Гости все прибывали, два приглашенных официанта уже в третий раз обходили их с аперитивом и птифурами на зеркальных подносах. Вечер был пущен; когда-то в школе Рите нравилась эта фраза из «Войны и мира». Тогда она мечтала побывать на таком вечере, какой был там описан, и даже сердилась на Толстого: зачем он говорит так презрительно о людях, которые собрались, чтобы разговаривать о всяких интересных вещах, а не водку пить?..
Сейчас подобный же вечер был ей не в радость.
Рита взяла у официанта с подноса коктейль, но, отпив глоток, поставила бокал на резной столик рядом с китайской вазой.
«Не стоит пить, – подумала она. – Мне надо родить».
Она и не подумала это даже – слова появились в ее сознании так, будто кто-то написал их перед нею прямо на стене. При этом Рита не испытала ни ужаса, ни досады, ни хотя бы удивления своим странным намерением, которого только что и в мыслях у нее ведь не было. Просто встали вдруг перед глазами слова, заставили себя прочитать.
Это следовало осмыслить. Вечеринка у Беттины для такого осмысления явно не подходила.
Рита тихонько выскользнула в прихожую, оттуда на лестницу, по лестнице на улицу.
Глава 11
Когда Рита училась на третьем курсе, она нашла себе отличную подработку: два раза в неделю возила тихого шестилетнего мальчика Васю сюда, на Лесную улицу, в Дом культуры имени Зуева, где он занимался в студии творческого развития. Неизвестно, была ли Васе какая-нибудь польза от того, что два часа напролет ему позволяли рисовать что в голову взбредет вымазанными в краске пальцами и раскрепощаться, играя в джунгли, но Рита благословляла желание его мамы дать мальчику все самое лучшее и передовое.
Пока Вася занимался, Рита сидела в мрачноватой забегаловке возле трамвайной остановки, читала конспекты, разглядывала людей, пила чуть теплый кофе, который посетители называли бочковым, и ела упругие, как резина, пончики. Два раза в неделю она позволяла себе эту общепитовскую роскошь.
И забегаловка, и резиновые пончики вспомнились потому, что улица Лесная переменилась теперь до полной неузнаваемости – стала респектабельной и буржуазной. Рита считала, что это хорошо. Не так уж много в мире людей, которые живут в удобном и красивом пространстве, и нечего делать вид, будто маленькие интерьерные магазинчики, и фермерские лавки со всяческими вкусностями, и этнические кафе, в которых сидят веселые, хорошо одетые люди, смеются, пьют что-то разноцветное через соломинку, – нечего делать вид, будто это нечто само собой разумеющееся.

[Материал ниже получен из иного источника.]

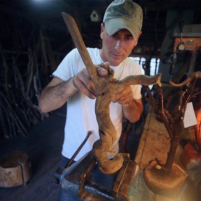 Doğadan topladığı ağaç parçalarını sanata dönüştürüyor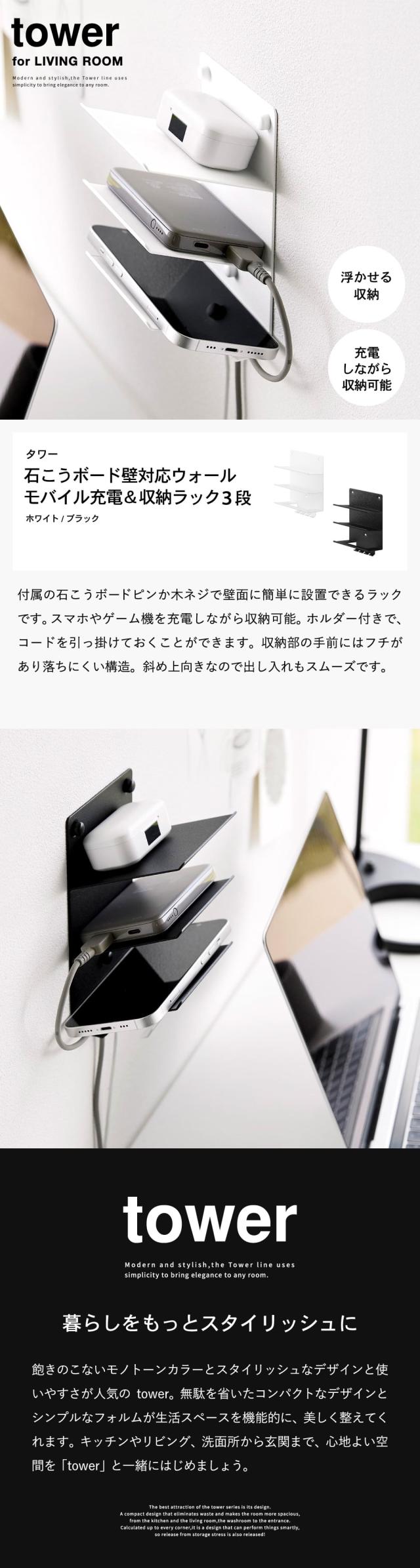 山崎実業 公式 tower ウォールモバイル充電&収納ラック タワー 3段 石こうボード壁対応 1877 1878 ホワイト ブラック スマホ 置き ラック 壁面収納 ワイヤレスイヤホン スマートウォッチ スマホスタンド

Только в последний год, когда вдруг стало понятно, что привычный антураж повседневности может ведь и исчезнуть, что жизнь может вернуться к прошлому убожеству, Рита поняла, как все это ей дорого.
Она прошла по Лесной ко входу в метро. Он находился не прямо у Белорусского вокзала, а в недавно появившемся пешеходном квартале. Рита давно собиралась здесь побывать, но до сих пор не было случая.
И вот случай представился. Она стояла посередине маленькой площади между огромными домами и озиралась в некотором изумлении.
Нигде в Москве не видела она пространства, в котором разнообразие было бы таким парадоксальным и таким при этом гармоничным.
Два длинных треугольных здания лучами из стекла и металла сходились к белой церкви с потускневшим золотым куполом и темной островерхой колокольней. Очертания церкви были так строги и старинны, что это даже для Москвы, где церквей все-таки сохранилось немало, казалось удивительным. А треугольные здания, наоборот, были резко современны, и тоже по-настоящему, без пошлости, притворяющейся богатством.
Все линии этого квартала были так точно выверены, так стремились вверх и вдаль, что церковь будто на просеке стояла.
По этой городской просеке Рита и шла сейчас, удивленно озираясь. Вот какой, оказывается, была бы вся Москва, если бы ею занимались талантливые люди! Вот как стройно и точно соединялось бы в ней старое и новое – лучшее из того и другого!
Навстречу ей шли трехметровые фигуры из огромных стальных листов – замысловатые создания авангарда. Конечно, они были неподвижны, но все-таки именно шли посередине улицы, странные, выбивающиеся из всего обыденного, сплошь состоящие из угловатых, тускло переливающихся металлических плоскостей. Их присутствие окончательно убеждало в том, что ты попал в особенный мир – он необычен, но тебе в нем хорошо и свободно.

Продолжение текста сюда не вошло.